Pazar sabahı uyandığımda gün içinde olacaklardan habersiz ve mutluydum. Yanımda uyuyan adama âşıktım. Şiir gibi sesi kulaklarıma dolan adamla tüm günümü geçirebilecektim. İstediğim, isteyebileceğim başka bir şey yoktu. Onu uyurken izlememden daha güzel bir manzara yoktu. Yüzüne bakmayı, sesini duymayı, kolları arasında olmaya yıllardır o kadar alışmıştım ki onsuz kaldığımda bir bağımlı gibi yoksunluk çekiyordum. Ona kavuşmayı, her bir yanında olmayı karşılaştırabileceğim, daha çok sevdiğim hiçbir şey yoktu. Yine de ona bu kadar âşık olmaktan, ona bir şey olursa ne yapacağımdan korkuyordum. Bir şekilde onu kaybetmekten, bir daha bana bakan gözlerini görememekten çok korkuyordum. Bunu düşünmemek istesem de bir gün hepimizin başına gelebilecek şeylerden kimsenin asla kaçamayacağını bildiğimden kendimi buna hazırlamaya çalışıyordum. Nihai sonu bildiğimden de yapabileceğim yegâne şey onun değerini bilmekti. Olacakların korkularına kapılıp ne onu ne bizi ihmal etmemem gerekiyordu. Bir gün onsuz kaldığımda ya da ben onun yanında olamadığımda mutlu olmamızı sağlayacak anılarımız, güzel günlerimiz olsun istiyordum. Biri için güzel hatırlanmaktan daha önemli olacak hiçbir şey olmadığını biliyordum. Eğer bir kişi bile onu gülümseyerek hatırlarsa asla ölmeyeceğini, yok olmayacağını hissediyordum. Ama bu düşünce bile benim Kerem'den önce ölme isteğimi engelleyemiyordu.

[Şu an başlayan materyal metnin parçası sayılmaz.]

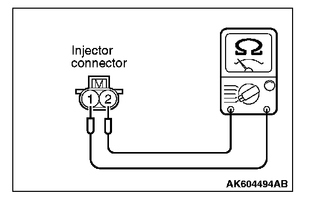2. Measure the resistance between injector side connector terminals 1 and 2.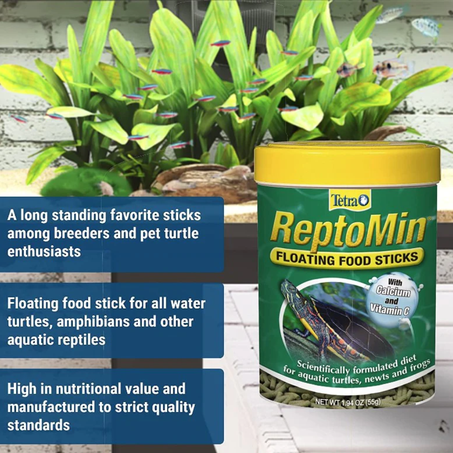 Tetrafauna ReptoMin is a long-standing favorite among breeders and pet turtle enthusiasts alike. ReptoMin Floating Food Sticks provide excellent nutrition and high palatability, and are great for all water turtles, amphibians and other aquatic reptiles.

Kerem'den önce ölmek istememin ona ihanet etmek olduğunu çok defa düşündüm. Lakin onsuz yaşama düşüncesi dayanılacak gibi değildi. Ben olmaktan çıkıp bir hayalete dönmüştüm. Ondan uzak kalırken bile görünmez bir hale gelmiştim. Ama yaşadığını ve yakınımda olduğunu bilmek beni ayakta tutuyordu. Öldüğünde ise asla böyle olmayacaktı. Bir daha onu gülerken göremeyecektim ve bu tek düşünce bile istediğimin ne kadar haklı olduğu konusunda bana güvence veriyordu. Eğer ben ondan önce ölürsem o hayatta, ayakta kalabilir ve hayatına devam edip yine gülebilirdi. Ben doğmadan önce bensiz yaşamıştı ama ben doğduğum andan, kendimi bildiğim andan itibaren hiç onun varlığının olmadığı bir güne uyanmamıştım. Bana bir şey olması ve hayatından yok olmam onun içinde en az benimki kadar acılı olacaktı. Fakat o benden sonra bir şekilde yeniden bensiz yaşamayı öğrenecekti. Her defasında bunu anımsadığımda ondan önce ölmek istediğim için kendimi affediyordum.

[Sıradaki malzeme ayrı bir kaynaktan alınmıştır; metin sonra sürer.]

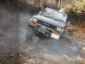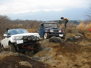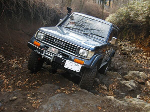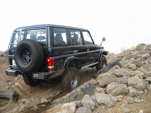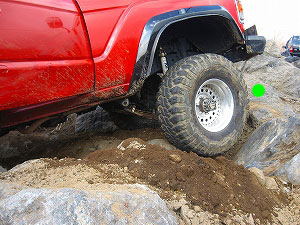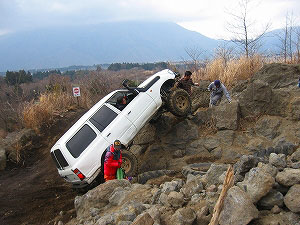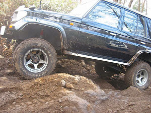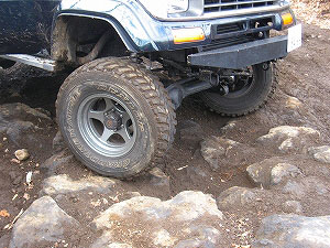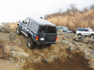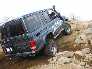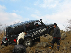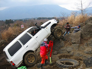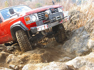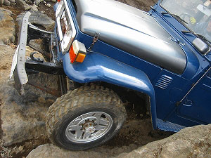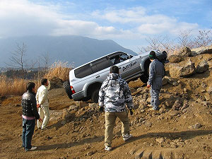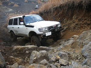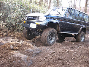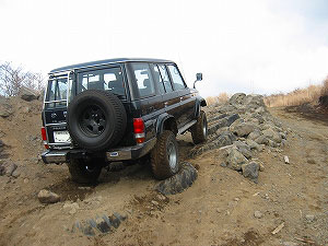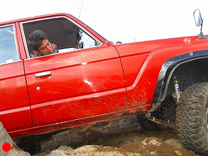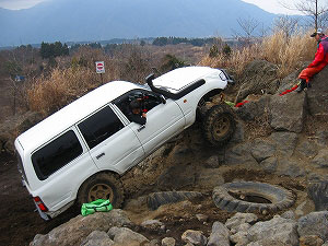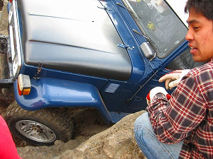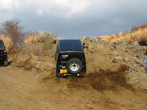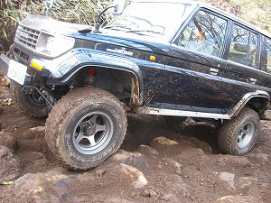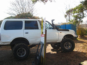 左リアが段差の下で空回り。

Kerem'in uyanmasının ardında kahvaltı ederken onun öğleden sonra babalarımızla ve büyükbabamla balığa gidecek olmasına aldırmamaya çalıştım. Onlara birkaç kişinin daha eşlik edeceğini bildiğimden yanımda kalması için baskı yapamıyordum. Çünkü bunun sadece bir eğlence olmadığını ve balık tutmaktan daha çok bir tür yönetim kurulu toplantısı olması gibi bir özelliği vardı. Fakat bunu kendi için ayırdığı bir zaman mı yoksa Pazar gününe iş getirmesi mi olduğuna karar veremedim. O nedenle o gidene kadar üzerindeki tüm haklarımı kullanmaya kararlıydım. Beni bırakıp gidecek olmasının intikamını ise en sevdiğim filmi ona yine ve yeniden izleterek aldım. Filmin tüm repliklerini ezberlemesine rağmen üstünlüğün bende olduğunu kabul ederek izledi. Yine de filmden daha çok olmayan göbeğimle ilgilendiği için kaçıncı kez izlediğini bile düşünmedi.
"Hiç birinin resmine âşık oldun mu?"
"Ben bir masal perisine âşık oldum. Bu sayılıyor mu?" Saçlarımla oynarken oflamaktan başka bir şey elimden gelmedi. Benim istediğim şey bambaşka bir konuda konuşmakken onun yine bana geri dönmesini istemiyordum ama onu engellemek için ve cevabımı almak için oldukça kararlıydım.
ŞİMDİ OKUDUĞUN
SARMAŞIK
General FictionOna kalbinde öyle bir taht yapmıştı ki ne onu ne de onun yerini kimse alamazdı. Onu almak isteyen geçmiş ve gelecek karşısındayken şimdi bile o ellerinin sonsuza kadar kenetli olmadığının farkındaydı. Fırtına en güzeli yok etmek isterken onu elinden...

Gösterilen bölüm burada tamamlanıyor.